The hall had about five hundred in it, women mostly, a lot of bald heads, and a dozen or two young men. The chairman, a weaselly minister with a reddish nose, lamented Crumpleton's absence, soliloquised on his influenza, and gave me a certificate as a "trusted leader of Australian thought." There were two policemen at the door and I hoped they took note of that testimonial. Then Sir Harry started.

I never heard anything like it. He didn't begin to know how to talk. He had about a bushel of notes from which he read, and when he let go of them he fell into one prolonged stutter. Every now and then he remembered a phrase he had learned by heart, straightened his back, and gave it off like Henry Irving, and the next moment he was bent double and crooning over his papers. It was the most appalling rot, too. He talked about the "German menace," and said it was all a Tory invention to cheat the poor of their rights and keep back the great flood of social reform, but that "organised labour" realised this and laughed the Tories to scorn. He was all for reducing our navy as a proof of our good faith, and then sending Germany an ultimatum telling her to do the same or we would knock her into a cocked hat. He said that but for the Tories, Germany and Britain would be fellow workers in peace and reform. I thought of the little black book in my pocket A giddy lot Scudder's friends cared for peace and reform.

Yet in a queer way I liked the speech. You could see the niceness of the chap shining out behind the muck with which he had been spoon-fed. Also it took a load off my mind. I mightn't be much of an orator, but I was a thousand per cent better than Sir Harry. I didn't get on so badly when it came to my turn. I simply told them all I could remember about Australia, praying there should be no Australian there—all about its labour party and emigration and universal service, doubt if I remembered to mention trade, but I said there were no Tories in Australia, only Labour and Liberals. That fetched a cheer, and I woke them up a bit when I started in to tell them the kind of glorious business I thought could be made out of the Empire if we really put our backs into it.

Altogether I fancy I was rather a success. The minister didn't like me, though, and when he proposed a vote of thanks spoke of Sir Harry's speech as "statesmanlike," and mine as having "the eloquence of an emigration agent."

When we were in the car again my host was in wild spirits at having got his job over. "A ripping speech, Twisden," he said, "Now, you're coming home with me. I'm all alone, and if you'll stop a day or two I'll show you. some very decent fishing."

We had a hot supper—and I wanted it pretty badly—and then drank grog in a big, cheery smoking-room with a crackling wood fire. I thought the time had come for me to put my cards on the table. I saw by this man's eye that he was the kind you can trust.

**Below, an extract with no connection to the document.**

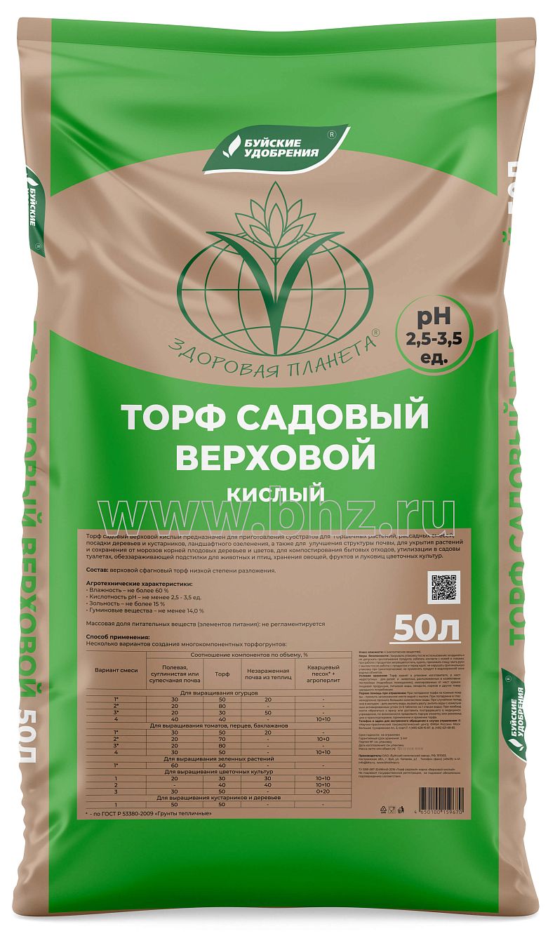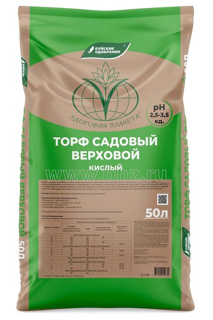 Торф садовый верховой, кислый 50л

"Listen, Sir Harry," I said. "I've something pretty important to say to you. You're a good fellow and I'm going to be frank. Where on earth did you get that poisonous! rubbish you talked to-night?"

His face fell. "Was it as bad as that?" he asked ruefully. "It did sound rather thin. I got most of it out of the Progressive Magazine and pamphlets that agent chap of mine keeps sending me. But you surely don't think Germany would ever go to war with us?"

"Ask that question in six weeks and it won't need an answer," I said. "If you'll give me your attention for half an hour I am going to tell you a story."

I can see yet that bright room with the deers' heads and the old prints on the walls, I Sir Harry standing restlessly on the stone curb of the hearth, and myself lying back in an armchair, speaking. I seemed to be another person, standing aside and listening to my own voice, and judging carefully the reliability of my tale. It was the first time I had ever told any one the exact truth, so far as I understood it, and it did me no end of good, for it straightened out the thing in my own mind. I blinked no detail. He heard all about Scudder and the milkman, and the note-book, and my doings in Galloway. Presently he got very excited and walked up and down the hearth-rug.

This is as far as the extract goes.